Dışında yoğunluktan, zamanlama verimli farklılaşma ulaşmak için başka bir faktördür. Bu yayında, biz 6 gün içinde sinir atalarıdır nesil açıklar. Ancak, zaman durumuna bağlı olarak farklı olabilirBaşlangıç ​​ESC kültürü. Yukarıda tarif edildiği gibi, ESC kültürleri farklılaşma durumu farklı yanıt Karıştırılan popülasyonlarıdır.
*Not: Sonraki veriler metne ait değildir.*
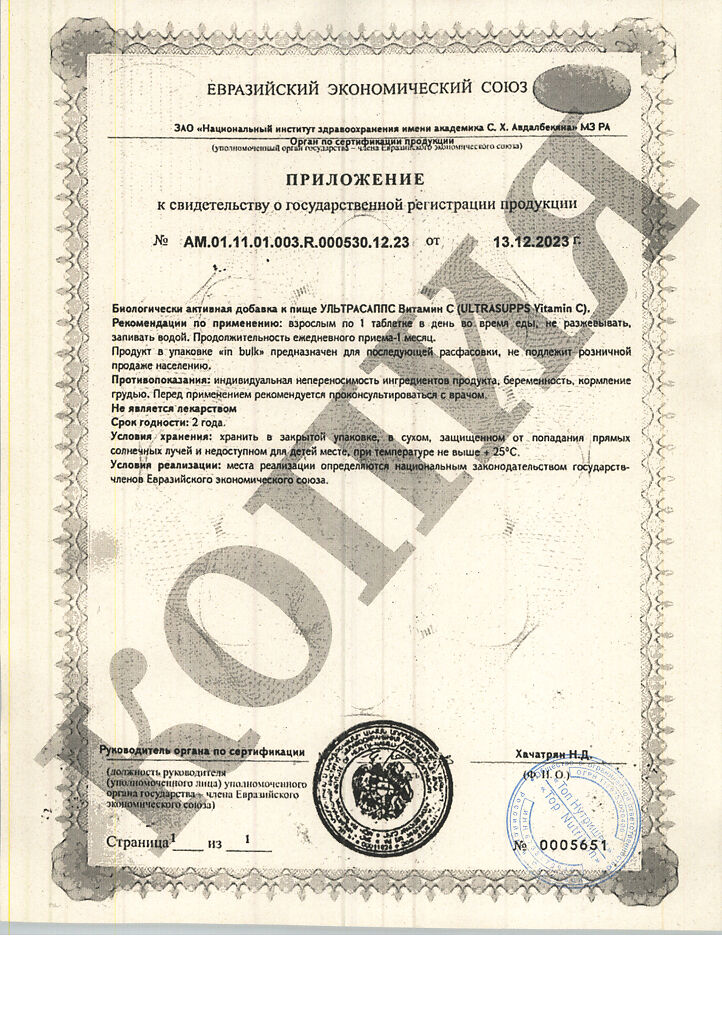 Документы Ультрасаппс Витамин С/ Ultrasupps Vitamin C таблетки массой 1260 мг 60 шт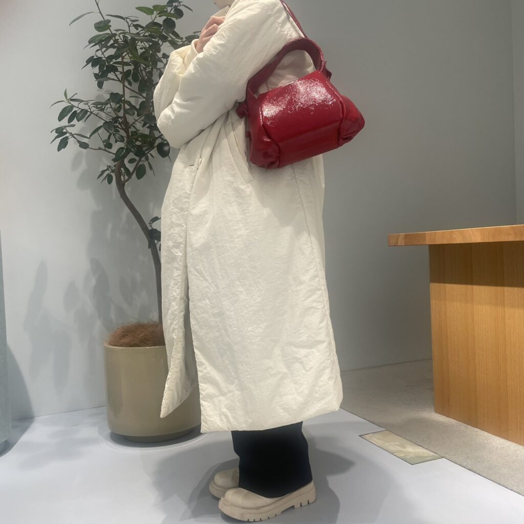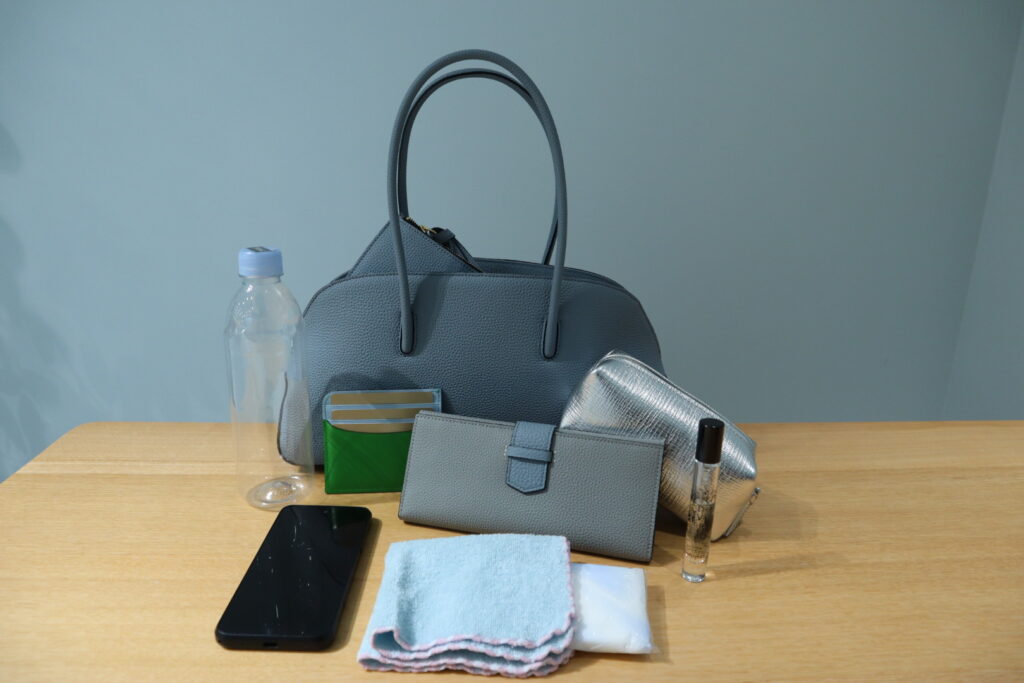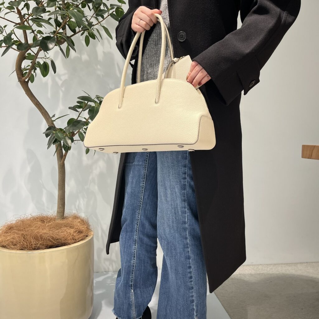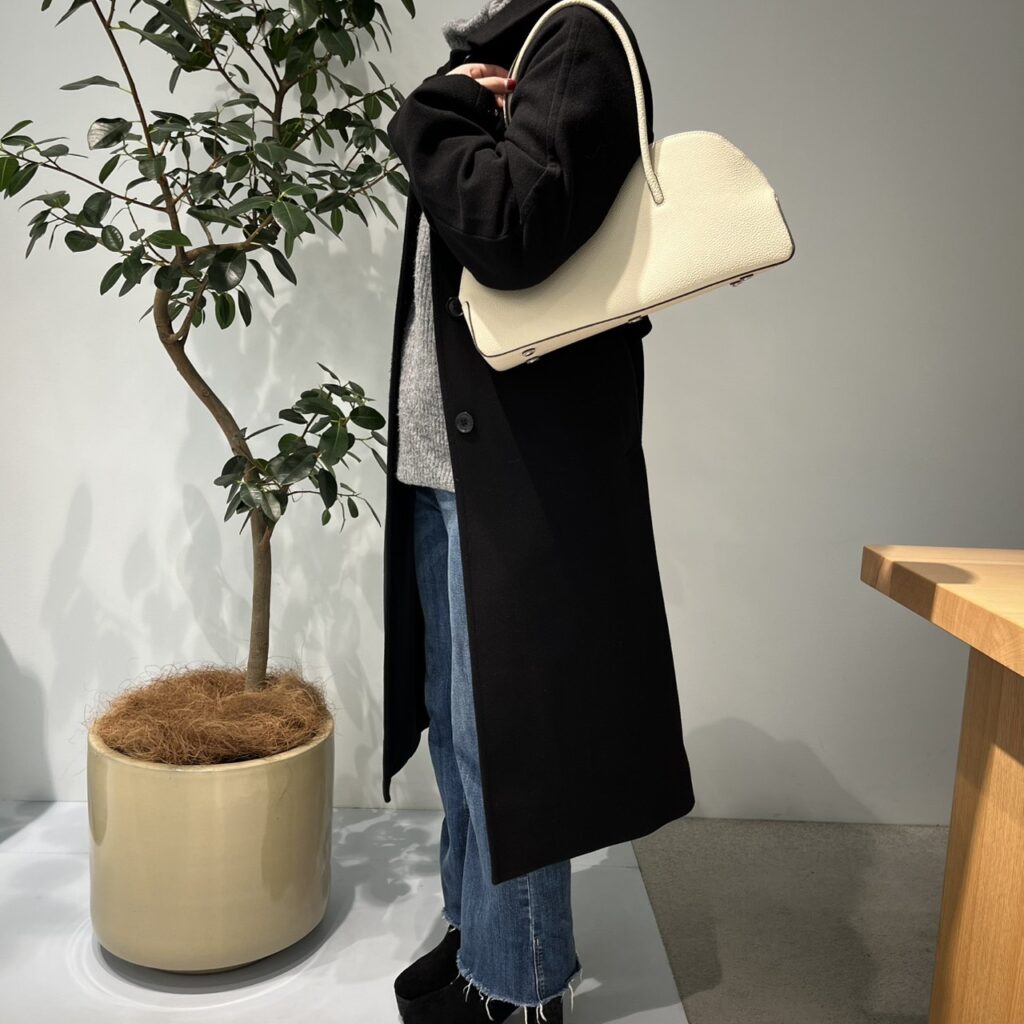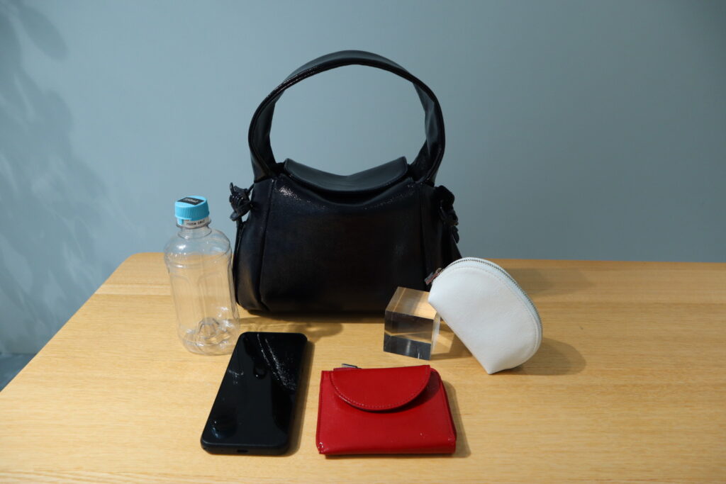 綺麗なフォルムながらも、収納力も抜群です!長財布、500mlのペットボトルも入り、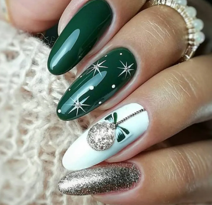 Именно эти оттенки используются в качестве основы для ногтевого дизайна. Поверх него можно выполнить рисунок новогодней тематики или просто посыпать ноготок блестками.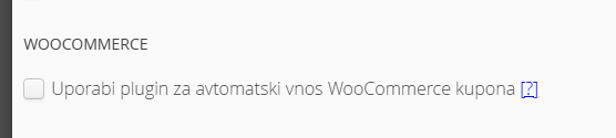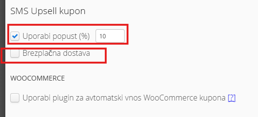 Izbirate lahko med vrednostjo popusta ali brezplačno dostavo.V primeru Shopify se kupon avtomatsko kreira in je veljaven kratek čas, nato se pobriše/deaktivira. V primeru WooComerce je potreben vklop: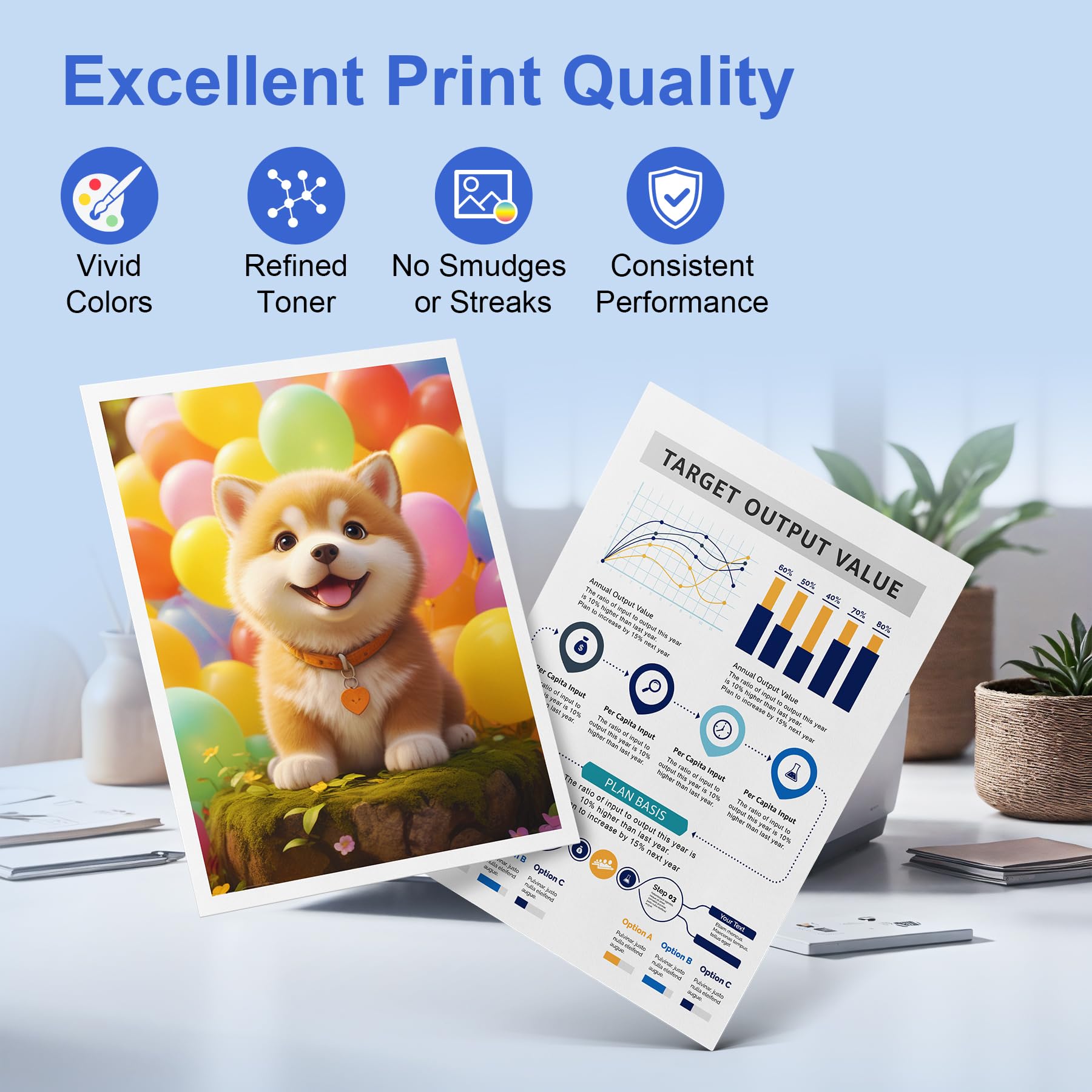 ["Sharp and consistent results: The ONLYU CLT-P404C uses toner particles in the nanometer scale for a particularly strong toner adhesion. This ensures sharp text, vibrant color reproduction, and long-lasting clarity. Blurriness, smudges, streaks, and inaccurate colors are a thing of the past - for professional print quality with every print","Perfect fit, effortlessly: The ONLYU P404C is equipped with advanced smart chips that ensure seamless compatibility just like the original. No adjustment issues, no error messages - just smooth and efficient printing","Compatible models: Compatible for Samsung Xpress C480fw toner C480W C480 C480fn C430 C430w C432 C432w C433 C433w C482 C482w C482fw C483 C483w C483fw","More pages, less cost: Print up to 1,500 pages in black and white and 1,300 pages in color - thanks to standardized toner filling for longer cartridge life. Enjoy original-level print quality for less than 30% of the cost - economical, reliable, and efficient","Simple installation: The images and videos on the detail page show the installation steps from different perspectives. In addition, the toner cartridge comes with an easy-to-understand instruction manual that guarantees a hassle-free installation"]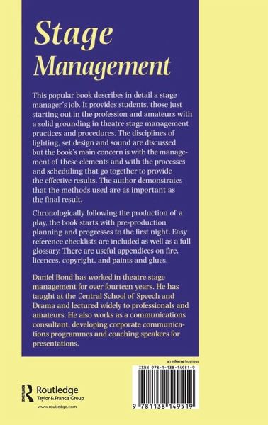 This popular book describes in detail a stage manager's job. It provides those just starting out in the profession with a solid grounding in theatre stage management practices and procedures. The disciplines of lighting, set design and sound are discussed but the main focus is the management of these elements and the processes and scheduling that go together to provide effective results. Chronologically following the production of a play, the book starts with pre-production planning and progresses to opening night. With easy reference checklists and a full glossary, it is the essential guide to stage management.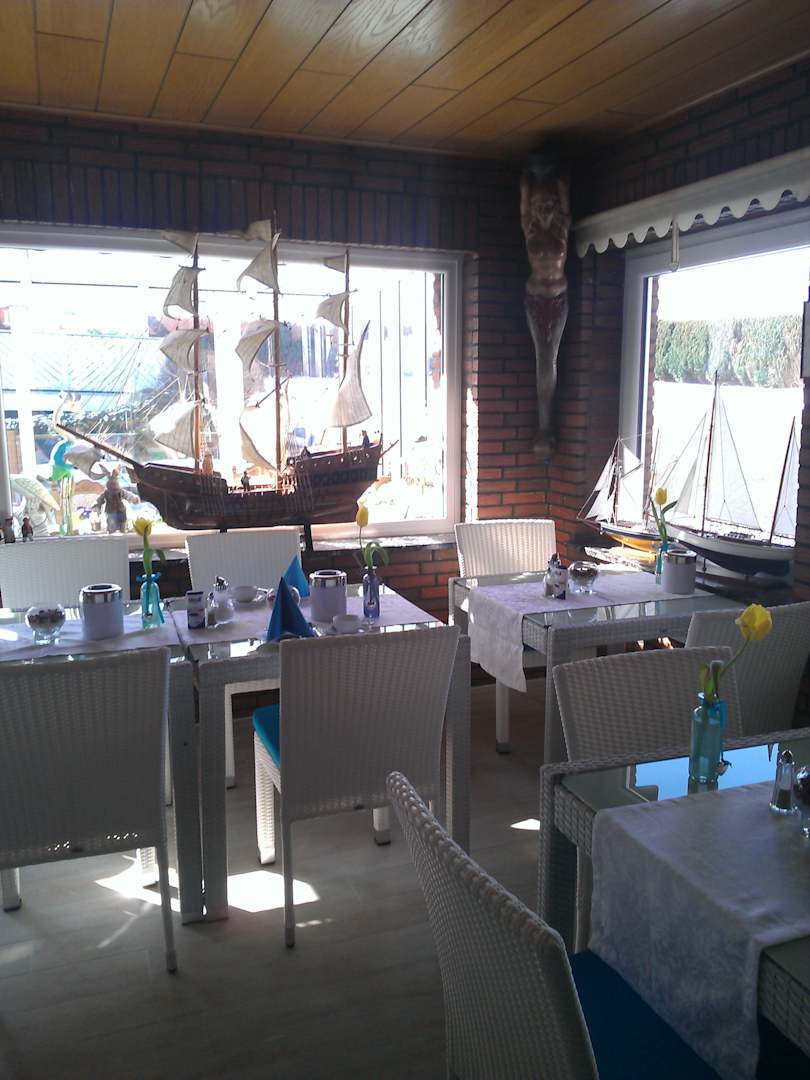 Der Früstücksraum in hellen Farben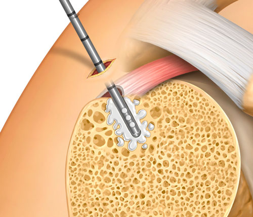 Using Tactoset to augment hardware increases fixation strength and the density of poor-quality bone caused by cysts, osteoporosis, or osteoarthritis. When using Tactoset with suture anchors, it allows the hardware to be placed securely in the ideal repair location and can achieve greater than twice the pullout strength of non-augmented anchors.1,3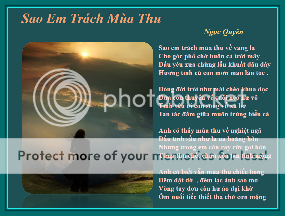![]() Ảo Ảnh Có lúc hồn tôi trong ảo mù Tình yêu bừng dậy giữa âm u Có hạt nắng rơi vào tim vỡ Lung linh tỏa sáng tựa thiên thu . Có lúc hồn trôi miền quá khứ Khuấy lên âm ỉ đống tàn tro Như ngọn hỏa sơn tràn phún thạch Vào cung nguyệt ái khúc tình mơ . Có lúc tim đau buốt dại khờ Đâu người chung ước , hỡi người mơ ! Có biết giữa đêm trường trăn trở Lệ ướt chăn đơn kiếp đợi chờ . Hay chăng hồn vẫn gọi tình quân Trăng soi chiếc bóng gió thì thầm Tóc xõa buông , ngực trầm môi ngọt Dáng mai đầy hương tỏa thanh xuân . Có những lúc thực hư tình mộng Bờ đêm sương xuống lạnh hàng hiên Ngõ vắng ngân nga hàng liễu rủ Người về cho tàn giấc cô miên . Ngọc Quyên Niêm Khúc Cuối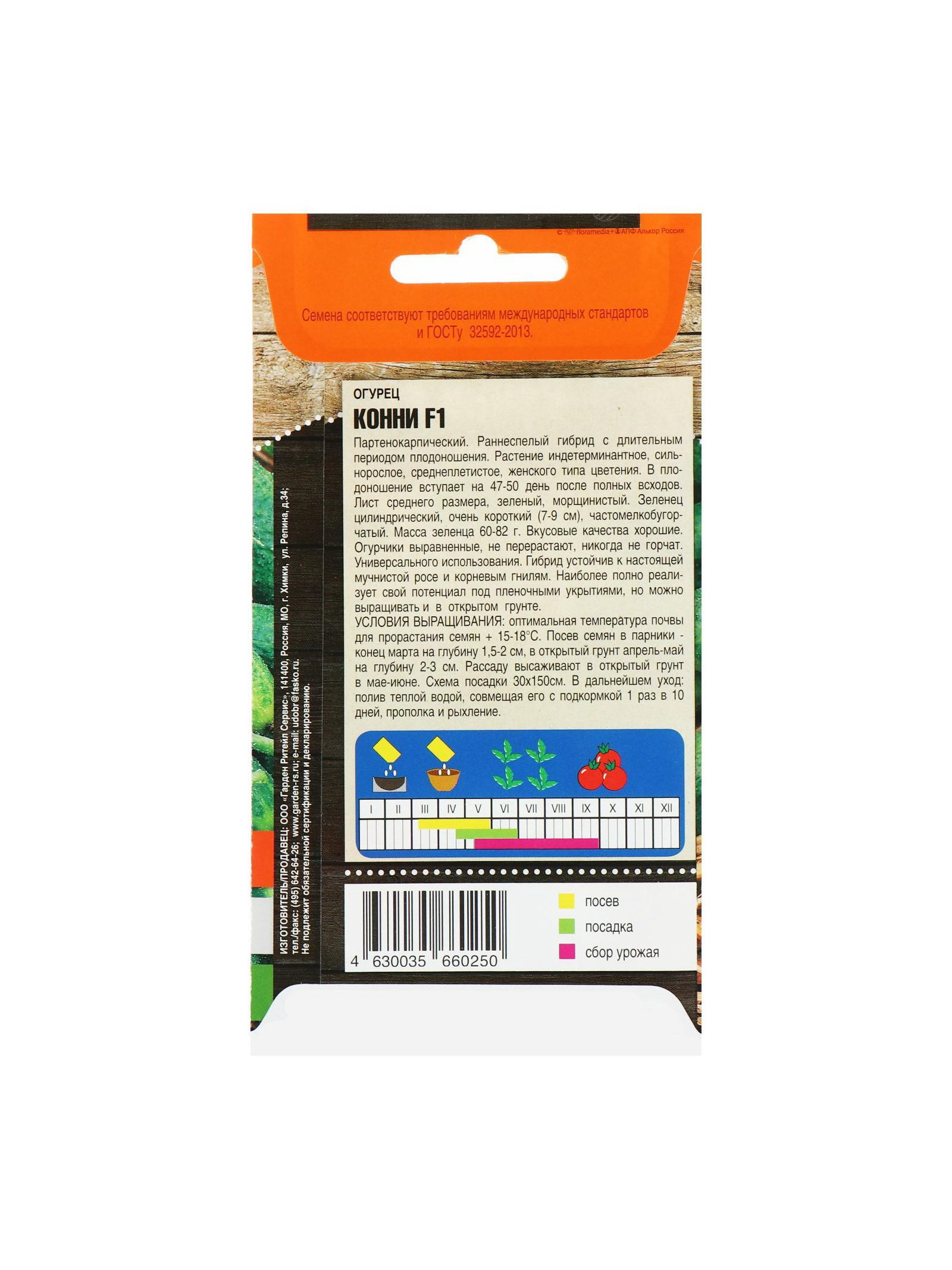 Семена Огурец "Конни" F1, скороспелый, партенокарпический, 0.3 г, Тимирязевский питомник, Россия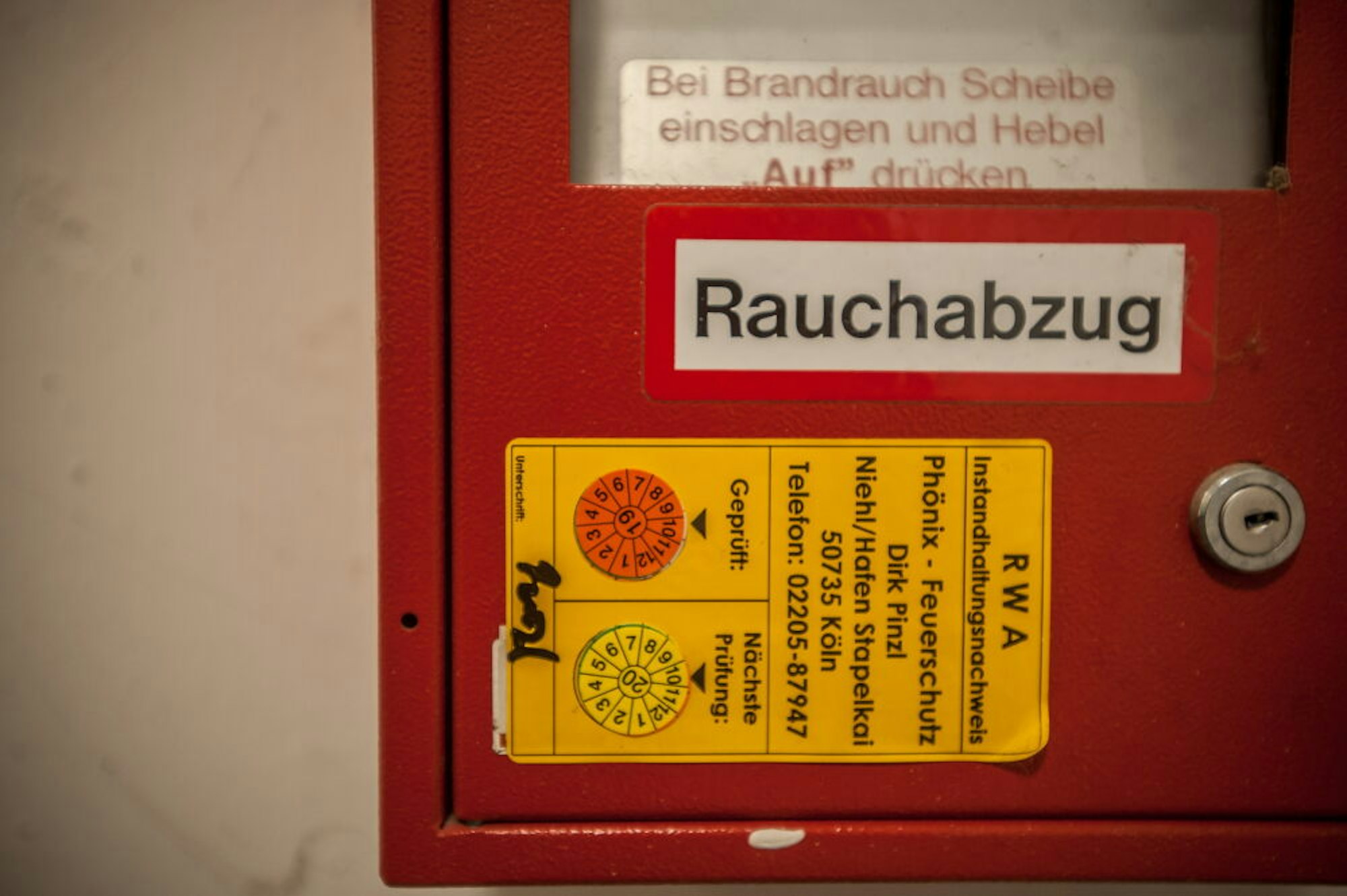 Die jährliche Prüfung des Rauchabzugs im Treppenhaus ist seit einem Jahr überfällig, verrät das Prüfsiegel von 2019.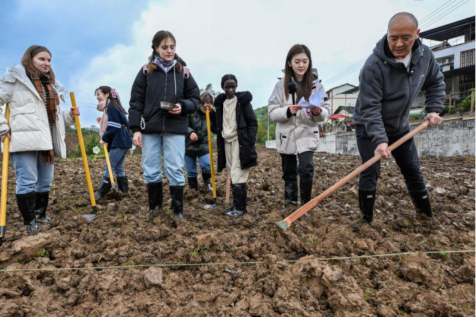 3月29日,学校组织越南、俄罗斯、泰国、卢旺达等多国的60余名留学生,走进重庆高新区虎溪街道建新村开展农耕文化体验活动。时值春分节气,中外青年并肩耕作,上演跨越国界的农耕文化共融图景。
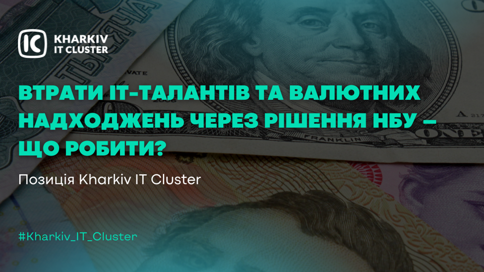 Харківський ІТ Кластер переконаний, що НБУ варто вжити негайних дій для того, щоб компенсувати всі можливі втрати та зберегти ІТ-таланти в Україні. Ми підтримуємо пропозиції, які висловила Асоціація IT Ukraine, які здатні частково нівелювати цю кризову ситуацію. Зокрема, підкреслюємо необхідність дозволу продажу частини валютної виручки експортерам за комерційним курсом і зберегти можливість розрахунків картками та зняття готівки за кордоном за офіційним курсом НБУ (+10%) в межах поточного еквіваленту 50 тис. грн./місяць. Такий компроміс здатен врятувати стабільність валютного надходження у бюджет України та унеможливити витік кадрів з індустрії, забезпечивши її підтримку як однієї з небагатьох працюючих в умовах повномасштабної війни.Підпишись на наш телеграм канал, щоб бути у курсі подій

Hücrelerin hayatta kalma ayrıca farklılaşma zamanlaması sadece kültür kompozisyonu tarafından etkilenecektir. Bu protokol, LİF ve BMP4 veya 2i ve LİF içeren N2B27 ortam içinde en ESC kültür koşulları, örneğin uygulanabilir. Daha naif hücreleri kültürde vardır Ancak, daha uzun bir süre etkili farklılaşması için gerekli olabilir. Naif hücreleri prime duruma geçmek için daha fazla zamana ihtiyacı ve daha sonra sinirsel atalarıdır için ayırt edecek olmasıdır.

The authors have nothing to disclose.

Work was funded by a Development and Promotion of Science and Technology scholarship from the Thai Ministry for Education to W.W. and grants from Tenovus and the Anonymous Trust to M.P.S.